= Brief =
Transcribe all data verbatim. Skip the pictures.

BEGIN Data block

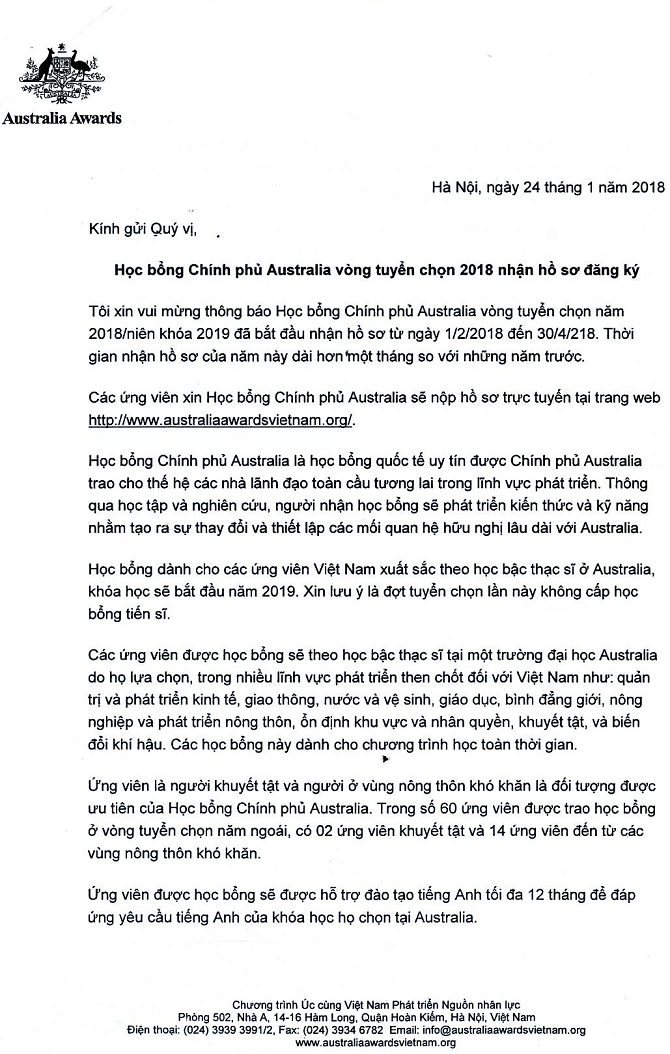 Học bổng chính phủ Australia vòng tuyển chọn 2018 nhận hồ sơ đăng ký
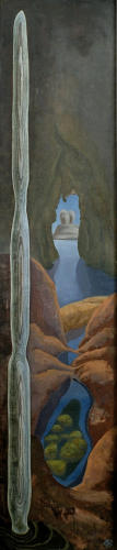 The dramatically elongated shape of this painting echoes the tall, thin form of the
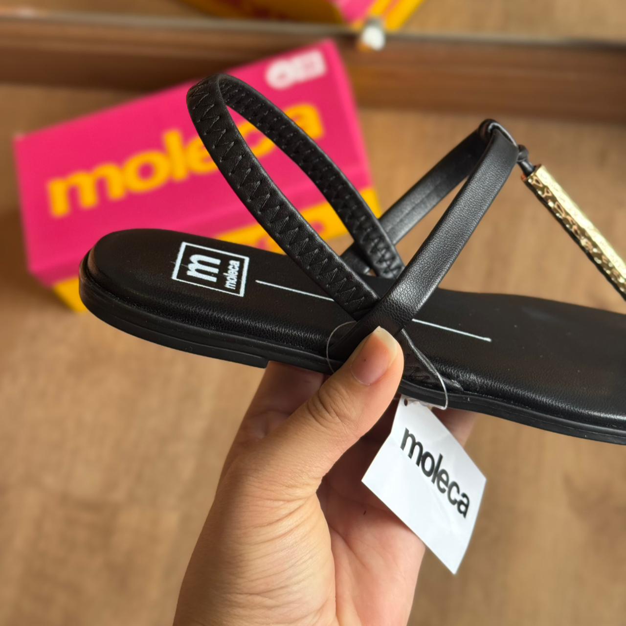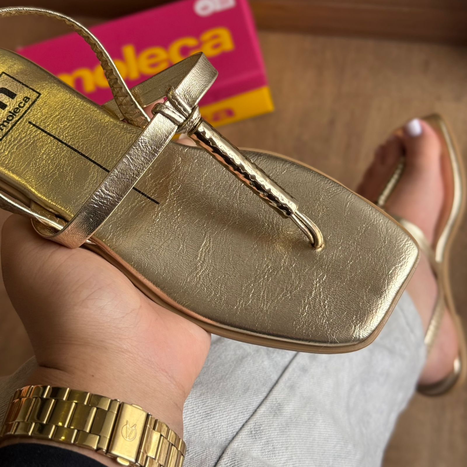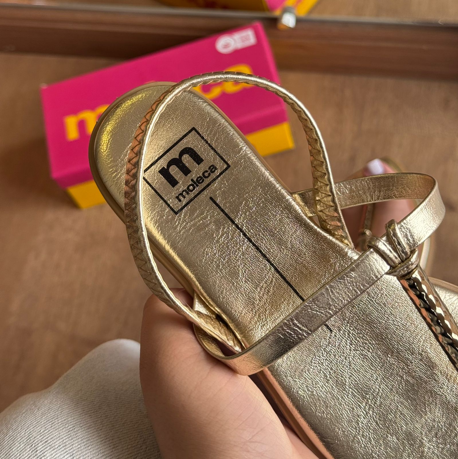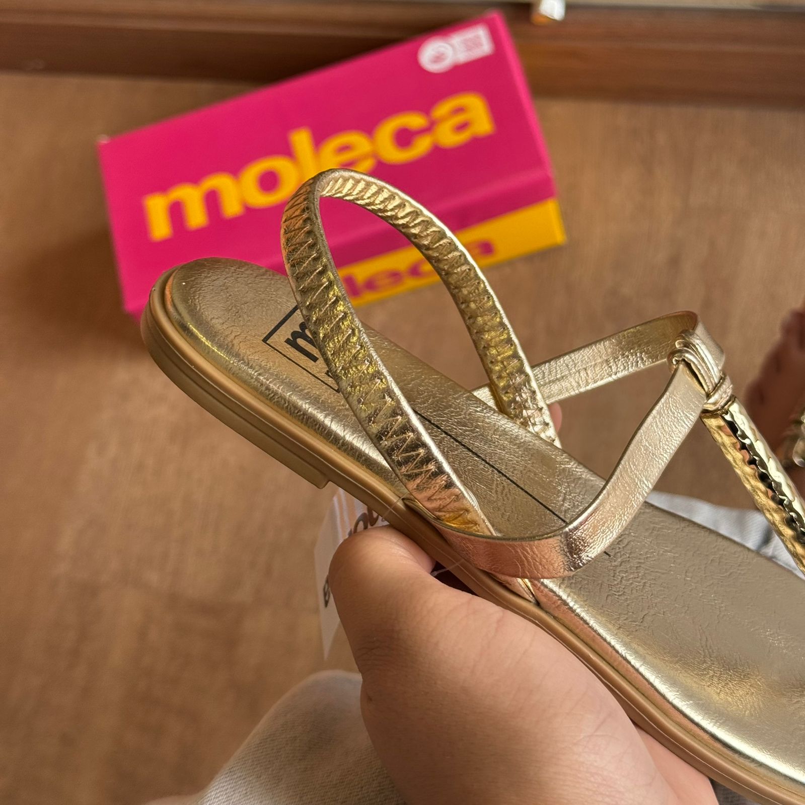 Sandália rasteirinha Moleca com acabamento sofisticado. O detalhe metálico na frente adiciona um toque de elegância ao design minimalista, tornando-a versátil para looks casuais e semi-formais. Construída com materiais de qualidade, oferece conforto o dia todo. Ideal para quem busca uma peça clássica que combina com praticamente qualquer guarda-roupa.

END Data block

= Answer to this exercise =
 Học bổng chính phủ Australia vòng tuyển chọn 2018 nhận hồ sơ đăng ký
 The dramatically elongated shape of this painting echoes the tall, thin form of the
 Sandália rasteirinha Moleca com acabamento sofisticado. O detalhe metálico na frente adiciona um toque de elegância ao design minimalista, tornando-a versátil para looks casuais e semi-formais. Construída com materiais de qualidade, oferece conforto o dia todo. Ideal para quem busca uma peça clássica que combina com praticamente qualquer guarda-roupa.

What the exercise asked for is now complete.